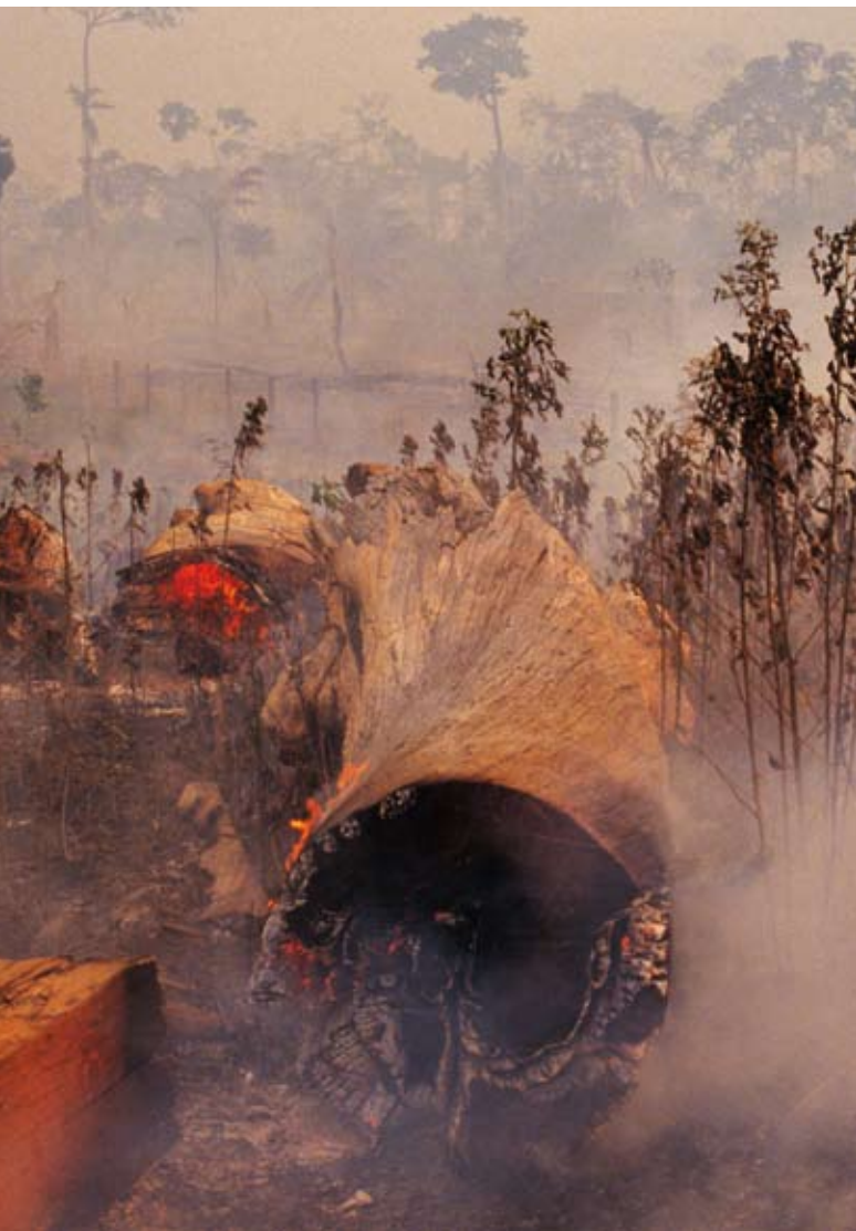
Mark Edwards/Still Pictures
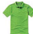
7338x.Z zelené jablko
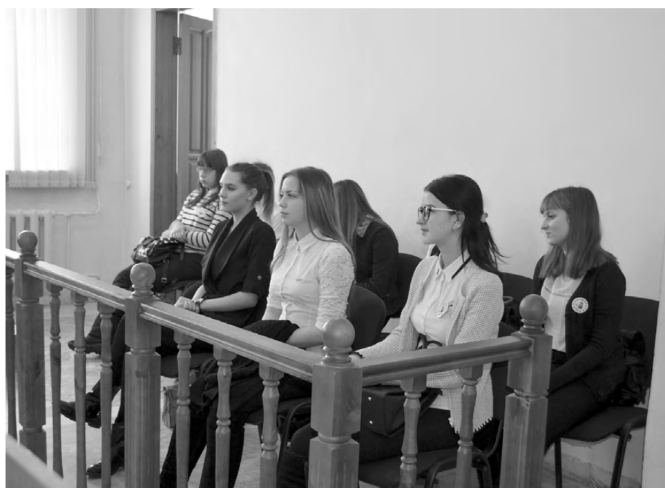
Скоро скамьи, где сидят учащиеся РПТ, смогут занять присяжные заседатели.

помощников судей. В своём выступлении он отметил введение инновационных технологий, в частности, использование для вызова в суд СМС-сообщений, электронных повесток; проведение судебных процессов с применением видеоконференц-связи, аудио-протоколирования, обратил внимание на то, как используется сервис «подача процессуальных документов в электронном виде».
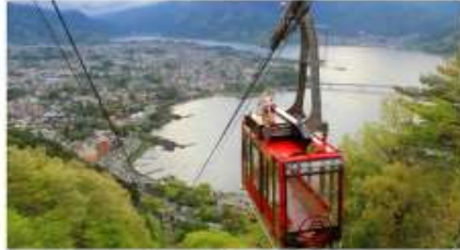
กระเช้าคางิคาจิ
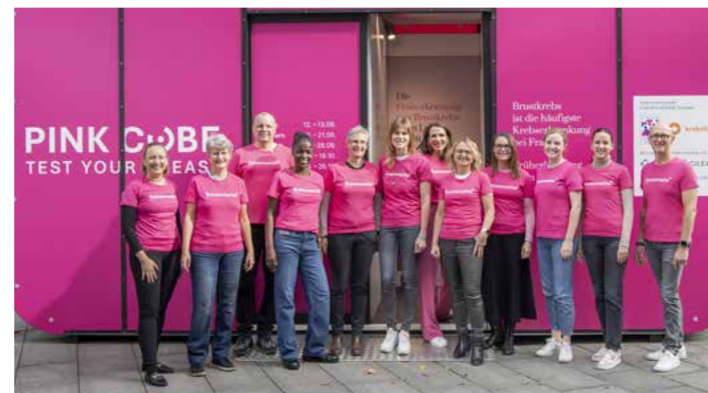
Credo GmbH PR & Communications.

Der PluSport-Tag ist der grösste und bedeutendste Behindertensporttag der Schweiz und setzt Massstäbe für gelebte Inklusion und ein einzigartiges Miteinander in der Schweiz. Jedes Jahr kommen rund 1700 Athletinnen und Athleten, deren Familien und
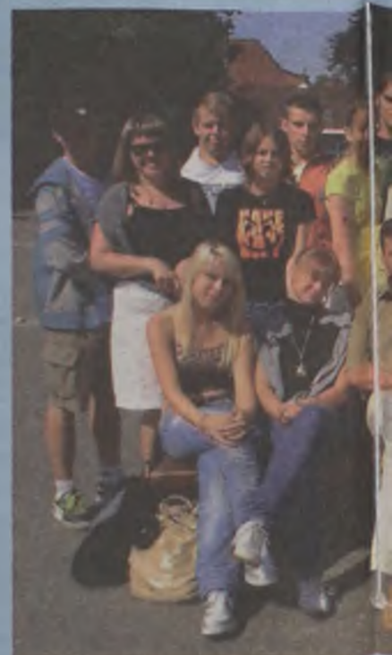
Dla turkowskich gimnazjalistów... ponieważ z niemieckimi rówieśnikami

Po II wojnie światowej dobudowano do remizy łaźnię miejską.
──────
● ABOUT THIS TASK
Retype the whole listing, keeping every line identical and omitting all pictures.

● EXERCISE SOLUTION
Mark Edwards/Still Pictures
7338x.Z zelené jablko
Скоро скамьи, где сидят учащиеся РПТ, смогут занять присяжные заседатели.

помощников судей. В своём выступлении он отметил введение инновационных технологий, в частности, использование для вызова в суд СМС-сообщений, электронных повесток; проведение судебных процессов с применением видеоконференц-связи, аудио-протоколирования, обратил внимание на то, как используется сервис «подача процессуальных документов в электронном виде».
กระเช้าคางิคาจิ
Credo GmbH PR & Communications.

Der PluSport-Tag ist der grösste und bedeutendste Behindertensporttag der Schweiz und setzt Massstäbe für gelebte Inklusion und ein einzigartiges Miteinander in der Schweiz. Jedes Jahr kommen rund 1700 Athletinnen und Athleten, deren Familien und
Dla turkowskich gimnazjalistów... ponieważ z niemieckimi rówieśnikami

Po II wojnie światowej dobudowano do remizy łaźnię miejską.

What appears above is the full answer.